What does it mean to justify your statistical decisions?

Lakens and 87 other researches, including me, recently published a position paper on the p-level controversy. You can find the OSF-repo here: https://osf.io/by2kc/

Part of our argument is that instead of swallowing a specific alpha-threshold (e.g. 0.05 or 0.005) as gospel, every researcher is asked to justify her or his choices (ideally before data collection). What the paper did not describe was how such a justification would look.
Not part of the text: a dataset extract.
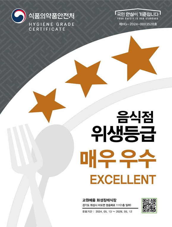 식품의약품안전처 주관 식품접객업소 위생등급제 평가서 최고 등급 받아

Why do we even need a justification?

Apparently, it is also hard to find a paper with such a justification. Constructive examples are missing. The following tweet can be seen as a condesation point of this issue:

As I argued in a blog post a while ago, statistical decision theory can not bridge the naturalistic fallacy. The search for truth comes into conflict with other values, e.g. beneficience, justice, gratitude. If one value enters the game, all values enter.

Also, colleagues and I argued in an older paper, that no amount of evidence can justify a certain decision. It requires normative “bridging principles”. My PhD-supervisor Tom Potthast likes to call this kind of collaboration an “epistemic-moral hybrid“. But even if you do not believe in the analytical disjunction of ethical and empirical statements (1), you might need to accept that the social practice of justifying an action or decision is different from the social practice of justifying what is. Morality is contrafactual, and therefore, a researchers decisions are at least partially contrafactual. Be it the question whether do a follow-up, replicate, explore novel hypothesis or exploit knowledge. This is also the case, regardless of whether you follow a Bayesian, Likelihoodist or Frequentist approach to statistical evidence. Sooner or later, you have to decide your next step and how to invest resources. This step inevitably requires bridging principles, and therefore warrants justification.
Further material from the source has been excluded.